- [WORK REQUEST]: Every line from the one containing "今日は、5年生が田んぼに苗の" to the end of the records below should be returned exactly; pictures are to be dropped.

- [Extracted data entries]:

= Beginning of Section =

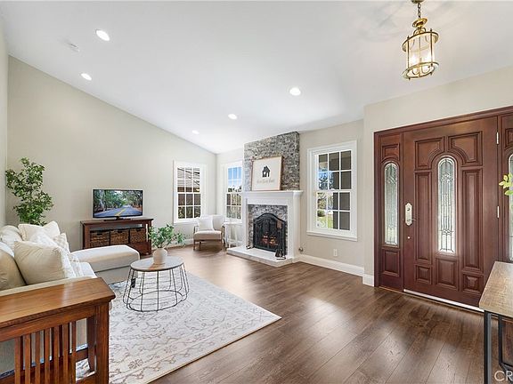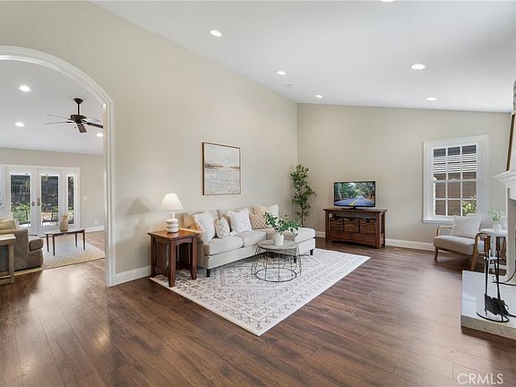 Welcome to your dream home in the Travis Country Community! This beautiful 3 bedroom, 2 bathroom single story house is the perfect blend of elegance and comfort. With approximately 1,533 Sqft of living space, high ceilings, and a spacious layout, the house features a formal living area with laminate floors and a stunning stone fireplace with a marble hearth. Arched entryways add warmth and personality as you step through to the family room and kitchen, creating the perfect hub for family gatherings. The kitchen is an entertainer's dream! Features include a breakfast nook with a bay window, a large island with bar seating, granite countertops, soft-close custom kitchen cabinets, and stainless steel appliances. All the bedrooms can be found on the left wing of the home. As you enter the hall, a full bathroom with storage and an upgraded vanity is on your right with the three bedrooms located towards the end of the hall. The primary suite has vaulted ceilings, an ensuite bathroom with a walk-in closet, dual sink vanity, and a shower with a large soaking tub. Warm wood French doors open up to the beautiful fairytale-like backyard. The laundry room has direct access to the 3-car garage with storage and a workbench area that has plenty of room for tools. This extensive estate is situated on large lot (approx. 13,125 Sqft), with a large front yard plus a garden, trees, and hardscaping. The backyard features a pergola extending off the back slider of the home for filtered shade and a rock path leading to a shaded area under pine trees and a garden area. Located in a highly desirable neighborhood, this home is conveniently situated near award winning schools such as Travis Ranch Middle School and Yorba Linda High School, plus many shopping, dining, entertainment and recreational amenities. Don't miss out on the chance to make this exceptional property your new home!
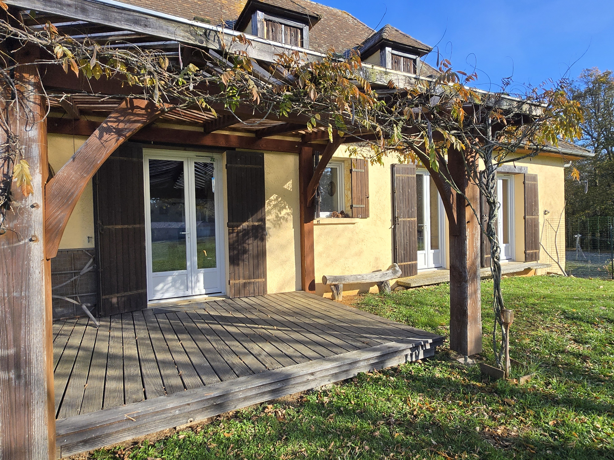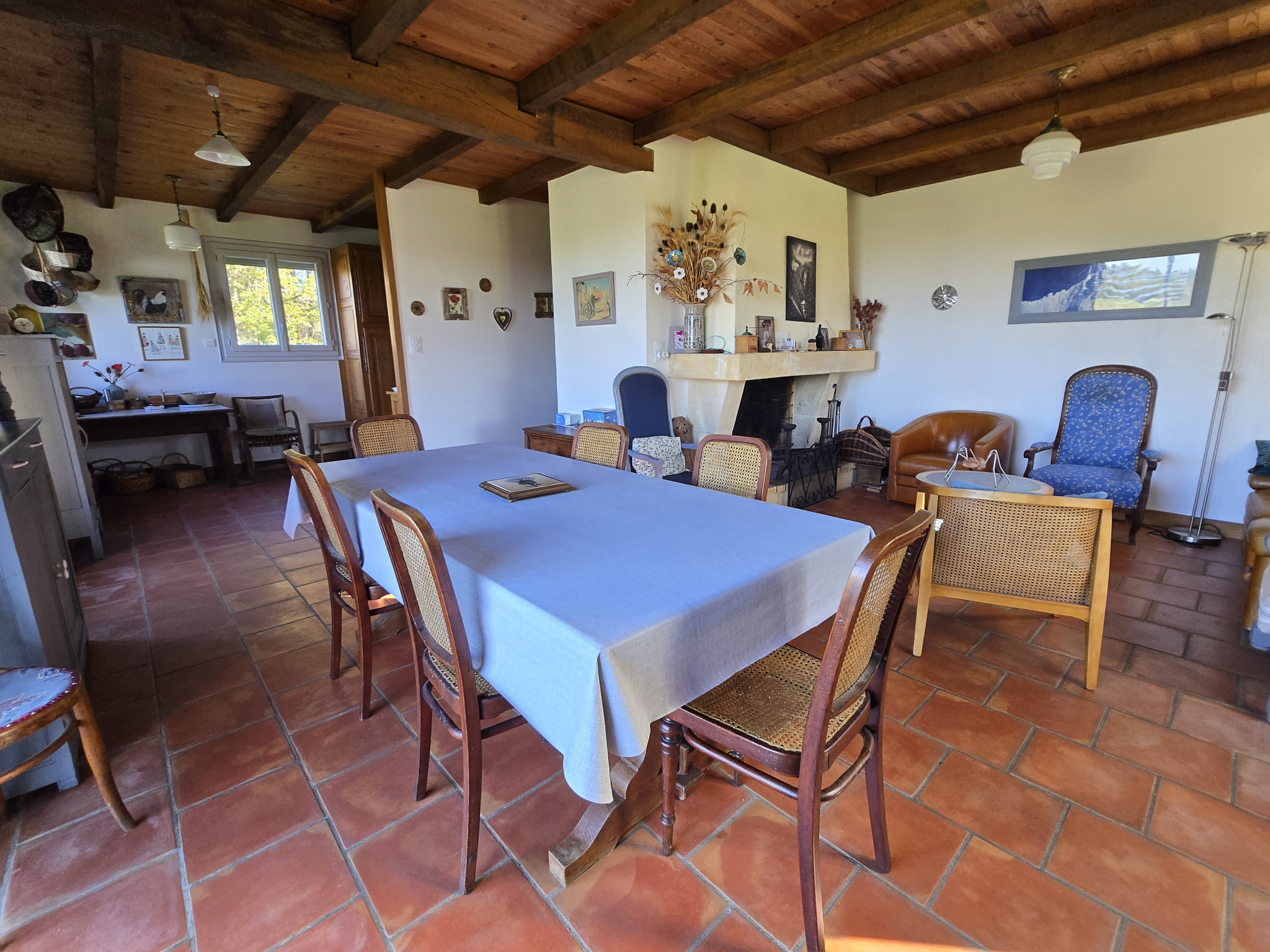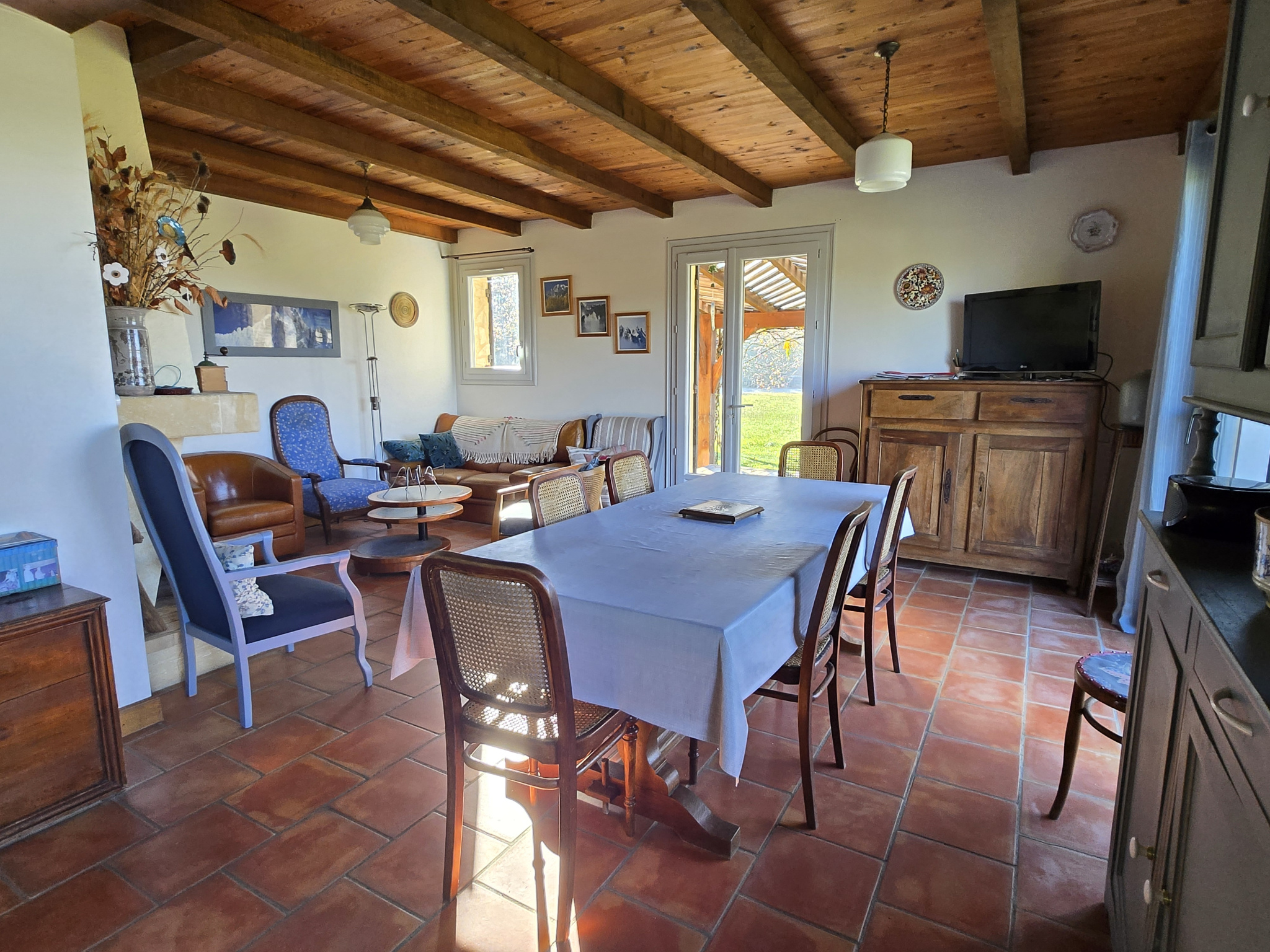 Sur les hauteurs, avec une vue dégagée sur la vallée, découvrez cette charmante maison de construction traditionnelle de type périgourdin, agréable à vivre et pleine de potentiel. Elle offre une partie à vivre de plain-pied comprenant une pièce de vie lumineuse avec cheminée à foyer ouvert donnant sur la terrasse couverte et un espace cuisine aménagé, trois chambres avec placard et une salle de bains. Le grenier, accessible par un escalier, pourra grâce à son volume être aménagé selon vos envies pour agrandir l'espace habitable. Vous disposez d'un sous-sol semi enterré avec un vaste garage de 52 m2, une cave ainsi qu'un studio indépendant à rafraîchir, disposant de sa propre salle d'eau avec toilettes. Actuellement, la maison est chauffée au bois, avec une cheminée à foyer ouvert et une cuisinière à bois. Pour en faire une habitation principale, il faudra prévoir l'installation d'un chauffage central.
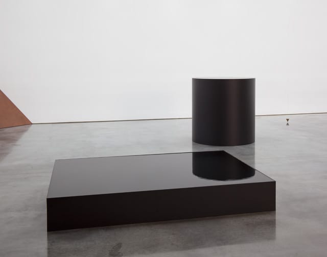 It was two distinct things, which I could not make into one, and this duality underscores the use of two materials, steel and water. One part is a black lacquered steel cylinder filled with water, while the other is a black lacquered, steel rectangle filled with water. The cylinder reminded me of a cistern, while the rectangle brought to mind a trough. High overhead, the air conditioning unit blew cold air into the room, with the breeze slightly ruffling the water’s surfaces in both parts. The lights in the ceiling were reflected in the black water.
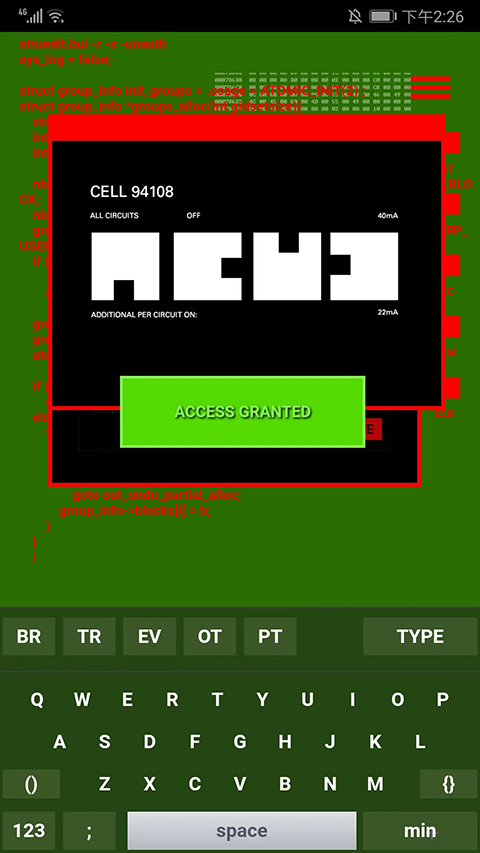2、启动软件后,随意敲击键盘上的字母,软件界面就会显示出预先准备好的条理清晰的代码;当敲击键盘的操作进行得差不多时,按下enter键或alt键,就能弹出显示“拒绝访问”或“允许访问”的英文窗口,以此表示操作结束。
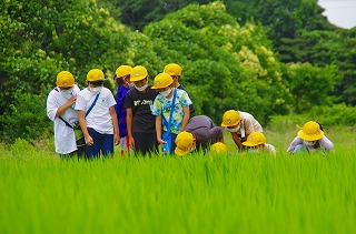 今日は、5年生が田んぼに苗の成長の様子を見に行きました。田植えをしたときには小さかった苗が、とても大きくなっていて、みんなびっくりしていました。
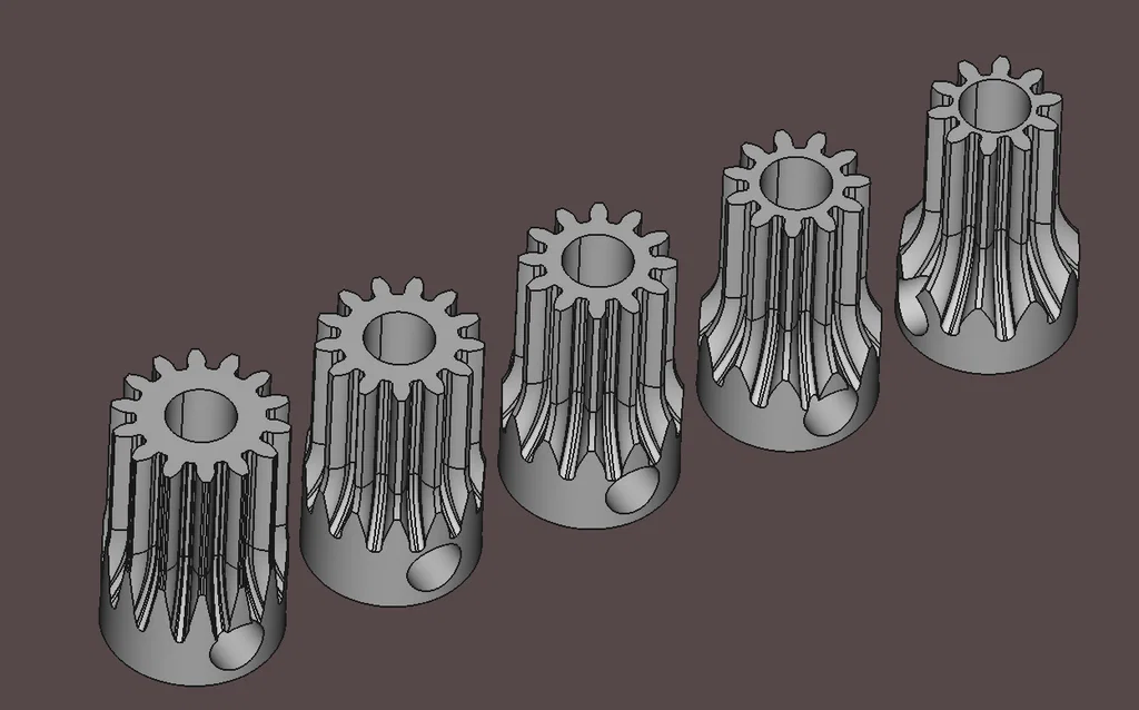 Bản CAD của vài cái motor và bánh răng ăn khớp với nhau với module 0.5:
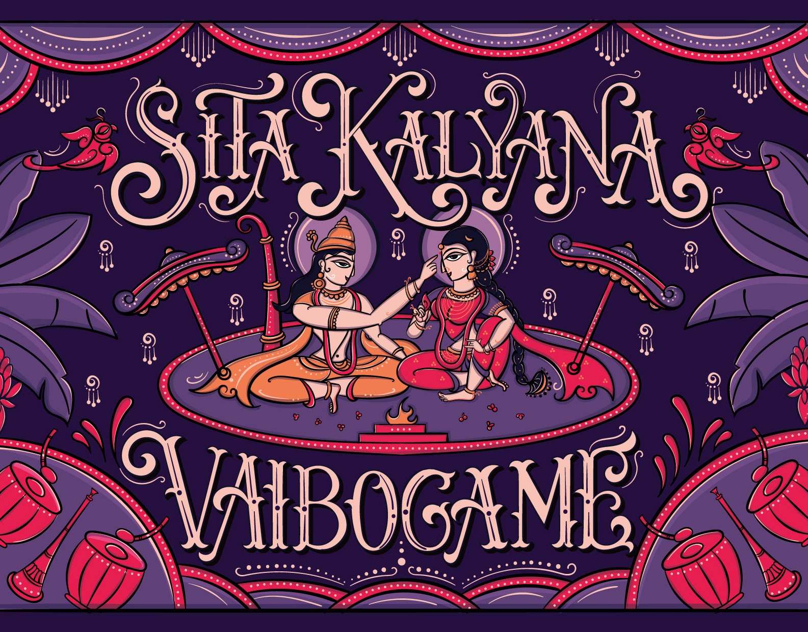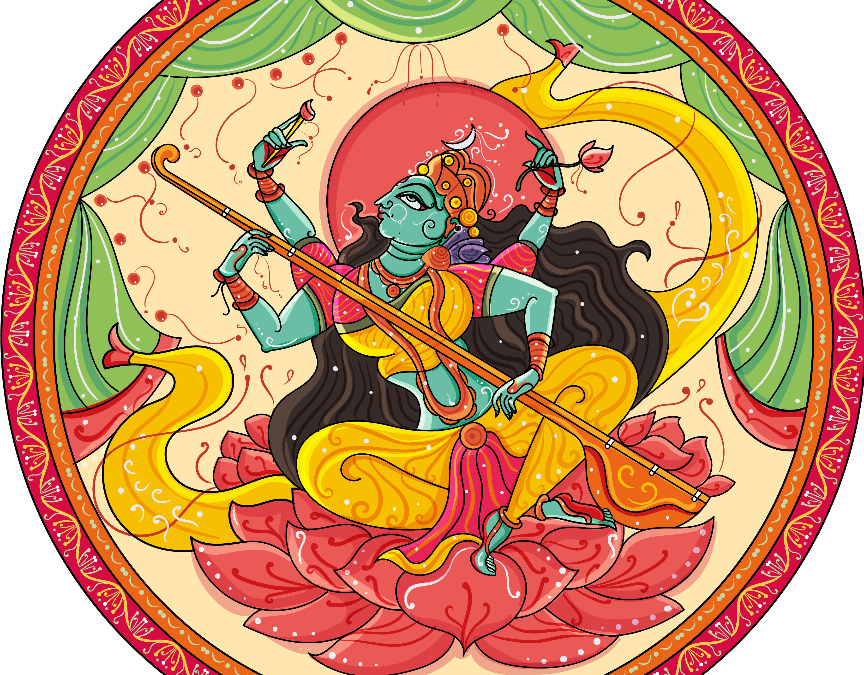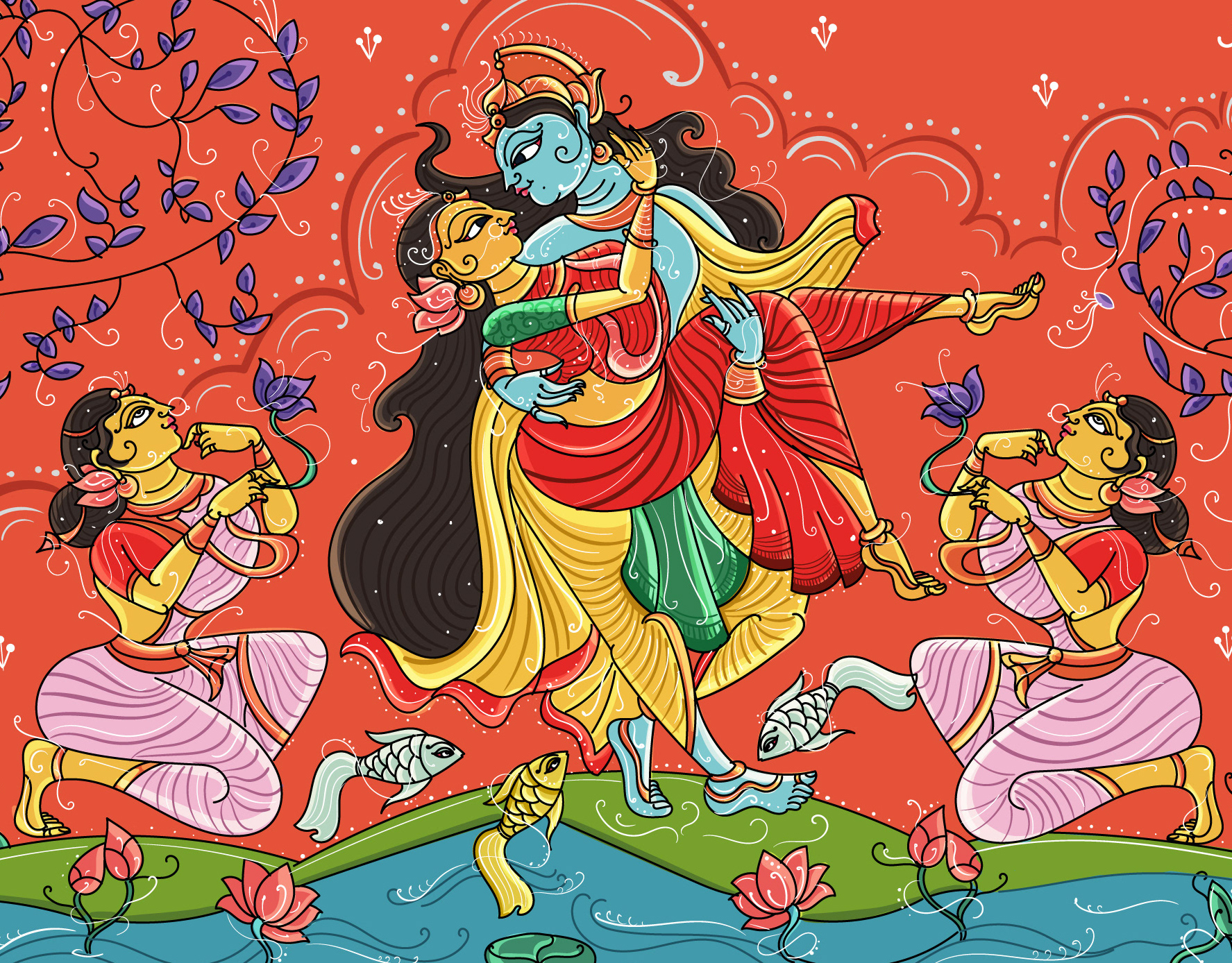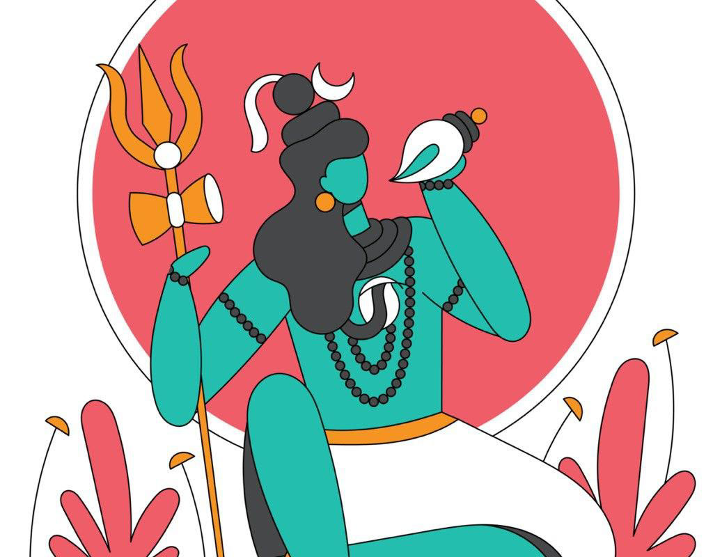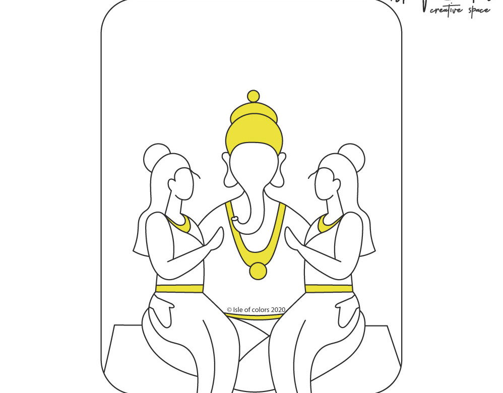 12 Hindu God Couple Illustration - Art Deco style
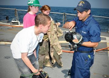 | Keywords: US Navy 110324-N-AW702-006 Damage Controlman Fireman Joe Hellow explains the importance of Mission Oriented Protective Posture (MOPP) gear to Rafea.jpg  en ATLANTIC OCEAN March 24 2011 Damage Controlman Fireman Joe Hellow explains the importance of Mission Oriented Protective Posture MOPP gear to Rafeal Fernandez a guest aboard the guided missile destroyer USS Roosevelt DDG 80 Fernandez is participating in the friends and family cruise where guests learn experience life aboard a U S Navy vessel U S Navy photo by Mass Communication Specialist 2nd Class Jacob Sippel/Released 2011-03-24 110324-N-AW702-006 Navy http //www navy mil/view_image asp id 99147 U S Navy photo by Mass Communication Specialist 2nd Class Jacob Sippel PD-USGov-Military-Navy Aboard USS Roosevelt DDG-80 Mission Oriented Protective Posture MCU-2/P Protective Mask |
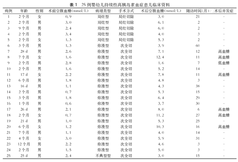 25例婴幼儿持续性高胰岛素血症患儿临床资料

= End of Section =

- [TASK RESULT]:
 今日は、5年生が田んぼに苗の成長の様子を見に行きました。田植えをしたときには小さかった苗が、とても大きくなっていて、みんなびっくりしていました。
 Bản CAD của vài cái motor và bánh răng ăn khớp với nhau với module 0.5:
 12 Hindu God Couple Illustration - Art Deco style
 | Keywords: US Navy 110324-N-AW702-006 Damage Controlman Fireman Joe Hellow explains the importance of Mission Oriented Protective Posture (MOPP) gear to Rafea.jpg  en ATLANTIC OCEAN March 24 2011 Damage Controlman Fireman Joe Hellow explains the importance of Mission Oriented Protective Posture MOPP gear to Rafeal Fernandez a guest aboard the guided missile destroyer USS Roosevelt DDG 80 Fernandez is participating in the friends and family cruise where guests learn experience life aboard a U S Navy vessel U S Navy photo by Mass Communication Specialist 2nd Class Jacob Sippel/Released 2011-03-24 110324-N-AW702-006 Navy http //www navy mil/view_image asp id 99147 U S Navy photo by Mass Communication Specialist 2nd Class Jacob Sippel PD-USGov-Military-Navy Aboard USS Roosevelt DDG-80 Mission Oriented Protective Posture MCU-2/P Protective Mask |
 25例婴幼儿持续性高胰岛素血症患儿临床资料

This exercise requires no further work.